The coefficient of static friction between the 2.3 kg crate and the 35.0° incline of Figure P4.47 is 0.241. What minimum force, F, must be applied to the crate perpendicular to the incline to prevent the crate from sliding down the incline?
ΣF(x) = 0: m•g•sinα=F(fr)
ΣF(y) = 0: m•g•cosα +F = N
F(fr)=μ•N= μ• (m•g•cosα +F)
m•g•sinα= μ• (m•g•cosα +F)
F=(m•g/μ) •(sinα -μ• cosα)
To determine the minimum force required to prevent the crate from sliding down the incline, we need to analyze the forces acting on the crate.
First, let's break down the forces into their components. We have the weight of the crate acting vertically downward, which can be split into two components:
1. The component perpendicular to the incline (mg cosθ), where m is the mass of the crate (2.3 kg) and g is the acceleration due to gravity (9.8 m/s²).
2. The component parallel to the incline (mg sinθ).
In this case, the force perpendicular to the incline (F) counteracts the perpendicular component of the weight (mg cosθ) to prevent the crate from sliding downwards.
The force parallel to the incline (mg sinθ) can also be referred to as the force due to gravity acting along the incline. To prevent the sliding, the frictional force opposing this component must be equal to or greater than the force due to gravity along the incline.
The frictional force is given by the equation:
Frictional force (Ff) = coefficient of static friction (μ) * perpendicular force (mg cosθ)

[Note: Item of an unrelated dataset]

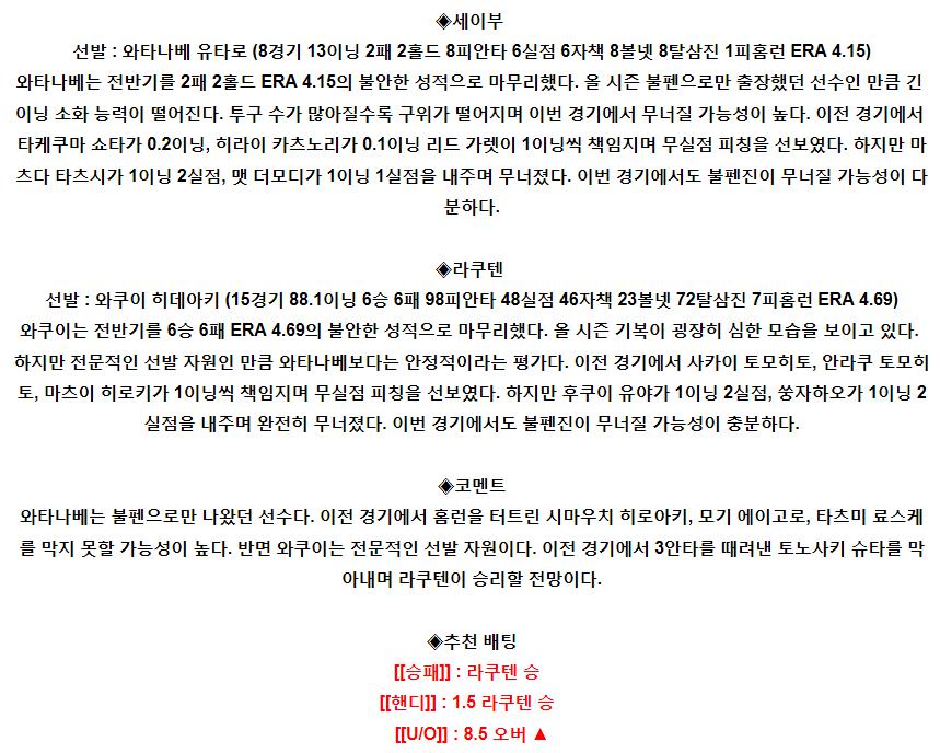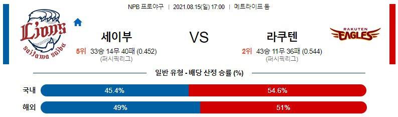【NPB】8월 15일 세이부 vs 라쿠텐 야구분석 야구중계 해외야구중계 해외야구분석 NPB분석 NPB중계 일본야구 일본야구중계
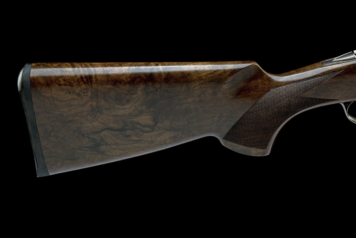 for 2006, 30in. nitro barrels with tapered ventilated matt top-rib and ventilated mid-rib, 3in. chambers, multichokes (with spares), hold-open toplever, manual safety with integral barrel selector switch, adjustable gold-washed trigger, brushed finish with gold detailing, matted fences, the underside with the model designation and numbered 0964 / 1500, 13 5/8in. figured pistolgrip stock including 1/2in. recoil pad, weight 7lb. 4oz., in its universal case with paperwork

Substituting the given values:
Ff = 0.241 * (2.3 kg * 9.8 m/s² * cos(35°))
Now, to find the minimum force that must be applied perpendicular to the incline (F), we must set F equal to Ff:
F = Ff = 0.241 * (2.3 kg * 9.8 m/s² * cos(35°))
After calculating this expression, you will find the minimum force, F, required to prevent the crate from sliding down the incline.